When a mother who’s lost everything is given the chance to see her family once more, will she take the opportunity? Find out in this first issue of Her Infernal Descent!

Nadler and Thompson have done a great job adapting and retelling the tale of the Divine Comedy through the lens of a more updated setting. I love that the main character chooses to go on this journey not for someone she loved and only talked to twice, but for a family that she lost and wants forgiveness from.

I love that while her guide to Hell, William Blake, speaks in poetic metrical verse, she connects us to the story as the contemporary lens we view the world from, a woman who doesn’t immediately believe that she could visit hell, a woman who provides clever quips along the way. I also love the way Blake speaks, it prepares you for the epic that begins in this first issue, it brings a fairytale ominousness to the pages.

Charles’ art is wonderful. I like the homeliness of the mom comparatively to the exponentially fantastical world around her. The juxtaposition makes it more and more apparent that she doesn’t belong in this realm yet. I love how her transition into the underworld is conveyed, this edge she must crawl onto as if flipping a square die to the next side.

The gate of hell is a great splash. This celestial creation within a bizarre other dimension natural archway, the starry opening to Hell starkly contrasting with the fiery skies. I definitely love that the words scrawled on the arch are “Lasciate ogni speranza, voi ch’entrate”, which generally translates to “Abandon All Hope – Ye Who Enter Here”. Really brings an ominous tone, especially since our main character doesn’t know what the words mean, and it’s a nice allusion to Dante’s Inferno itself. It’s good work.

Cunniffe’s coloring truly brings out the horrors and alienness of the land the mother steps into. The fiery skies and the cosmic openings into other realms truly gives a dark tone to the comic which would not work without their coloring.

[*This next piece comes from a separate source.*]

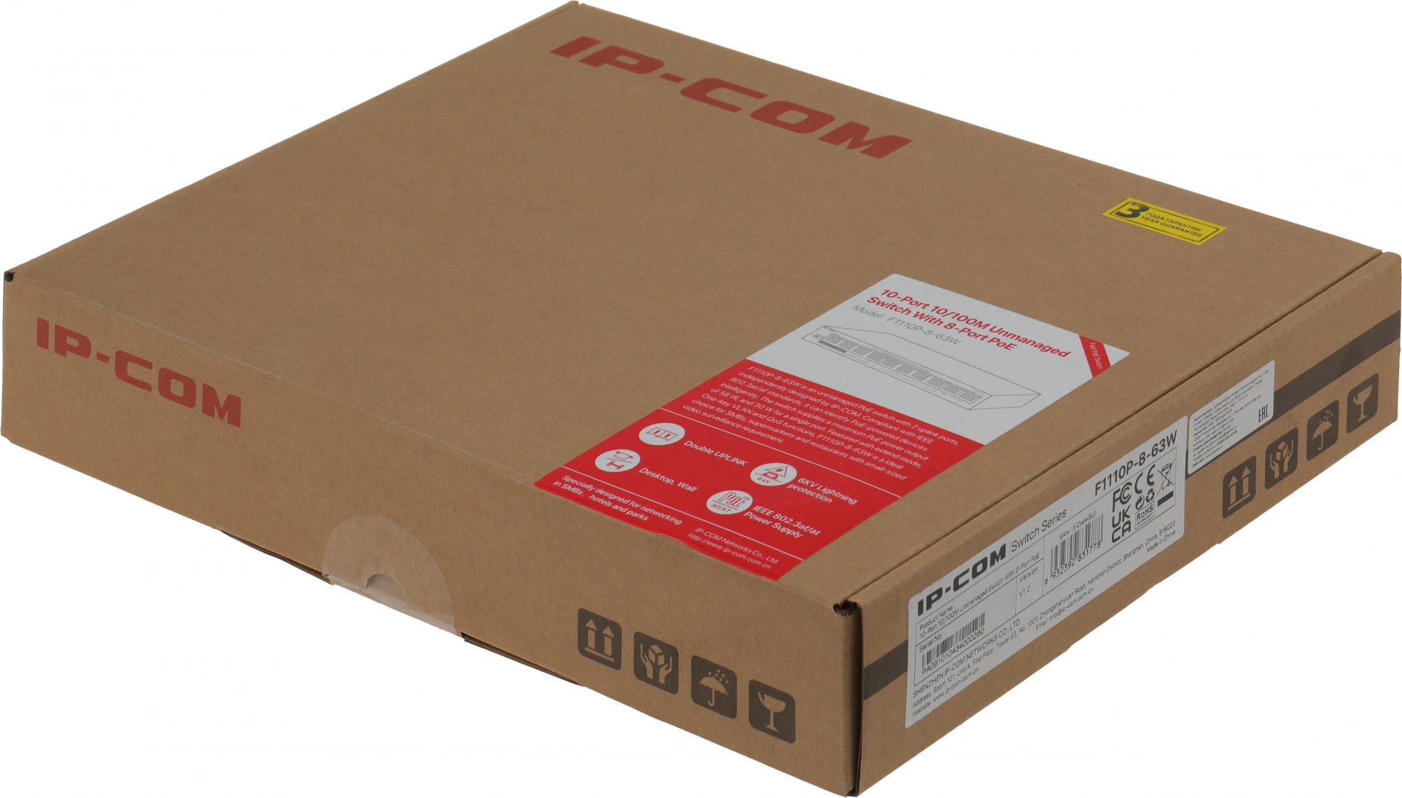 Коммутатор IP-Com F1110P-8-63W (L2) 10x100Мбит/с 8PoE 58W неуправляемый

I like the work that Ferrier does with the lettering. The work is subtle, but truly does add to the sublime nature of the Divine Comedy. Making Blake’s speech bubbles inverted in color, making Charon’s speech bubbles shaky, making the font for quotes italicized and fancier – it all helps create the atmosphere and I appreciate that effort.

If you like Dante’s Inferno and think a reimagining of the tale would be intriguing, definitely read this. It’s a great start to a tragedy and I’m excited to read the next issue.